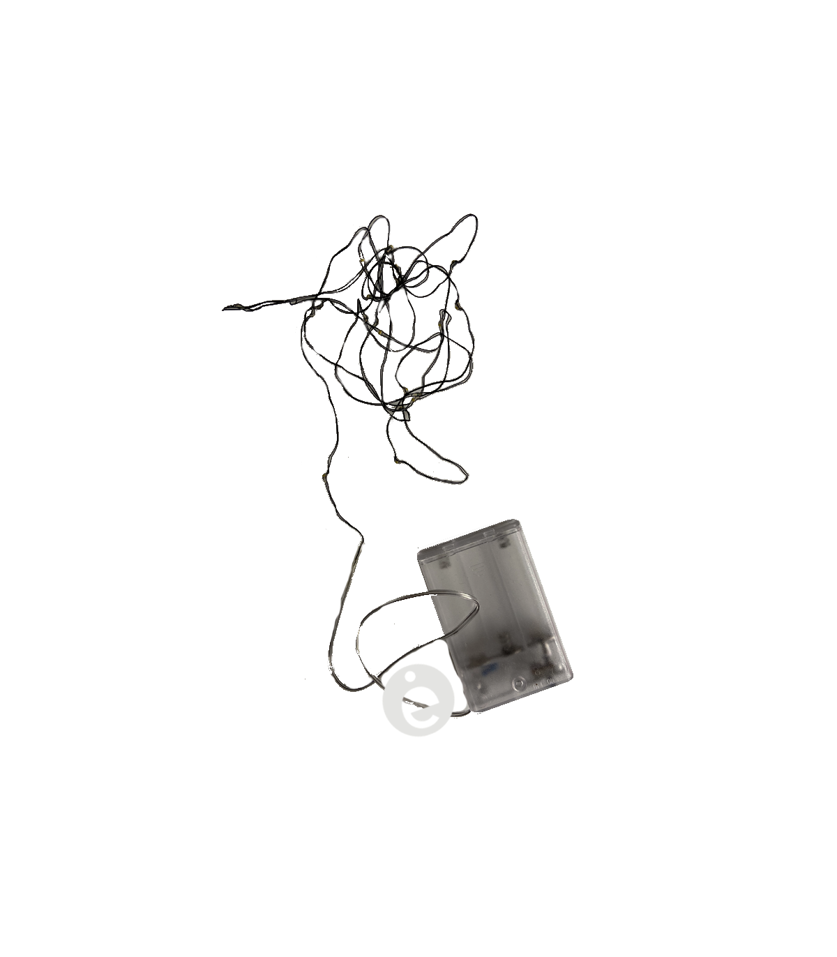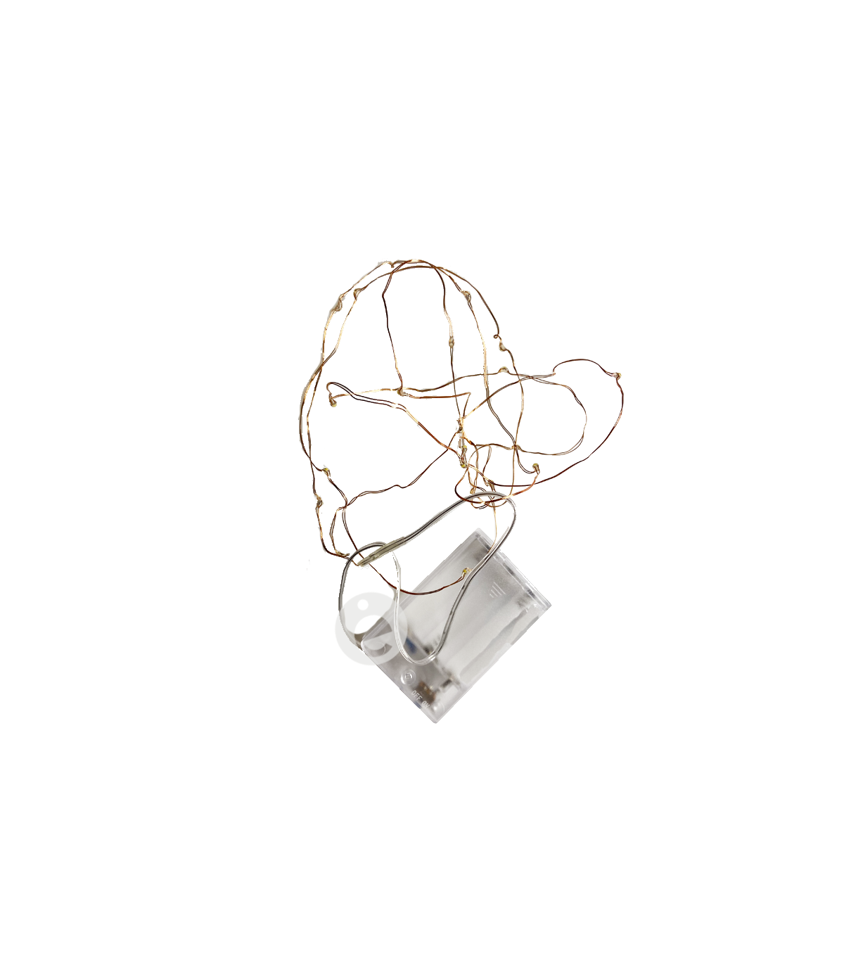 Bande de fil de cuivre de 1,90 m de long, avec lumières LED. Lumière chaude et alimentation avec 3 piles (non incluses).
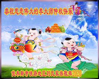 黑龍江佳木斯市明真相劉氏家族恭祝慈悲偉大的李大師中秋快樂!
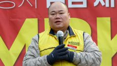 [서울=뉴스핌] 류기찬 기자 = 안수용 민주노총 서비스연맹 마트산업노조 홈플러스지부 지부장이 21일 오전 서울 종로구 MBK- 2시간전
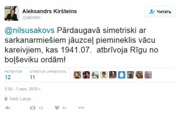 «В Пардаугаве, симметрично красноармейцам, нужно возвести памятник немецким военным, которые в июле 1941 года освободили Ригу от орды большевиков», — написал Кирштейнс в Twitter.
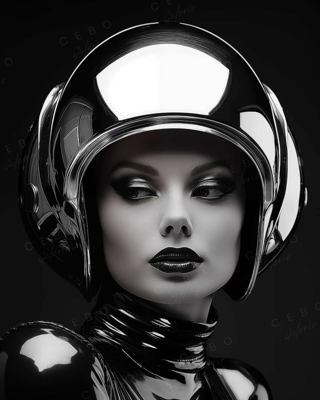 Dans cette création en noir et blanc, une femme mystérieuse apparaît vêtue d’une combinaison spatiale brillante, coiffée d’un casque aux reflets métalliques, son regard intense perçant à travers l’univers qu’elle semble défier.

**About this task:**
Copy the listing verbatim, omitting images.

**Result for this task:**
 Bande de fil de cuivre de 1,90 m de long, avec lumières LED. Lumière chaude et alimentation avec 3 piles (non incluses).
 黑龍江佳木斯市明真相劉氏家族恭祝慈悲偉大的李大師中秋快樂!
 [서울=뉴스핌] 류기찬 기자 = 안수용 민주노총 서비스연맹 마트산업노조 홈플러스지부 지부장이 21일 오전 서울 종로구 MBK- 2시간전
 «В Пардаугаве, симметрично красноармейцам, нужно возвести памятник немецким военным, которые в июле 1941 года освободили Ригу от орды большевиков», — написал Кирштейнс в Twitter.
 Dans cette création en noir et blanc, une femme mystérieuse apparaît vêtue d’une combinaison spatiale brillante, coiffée d’un casque aux reflets métalliques, son regard intense perçant à travers l’univers qu’elle semble défier.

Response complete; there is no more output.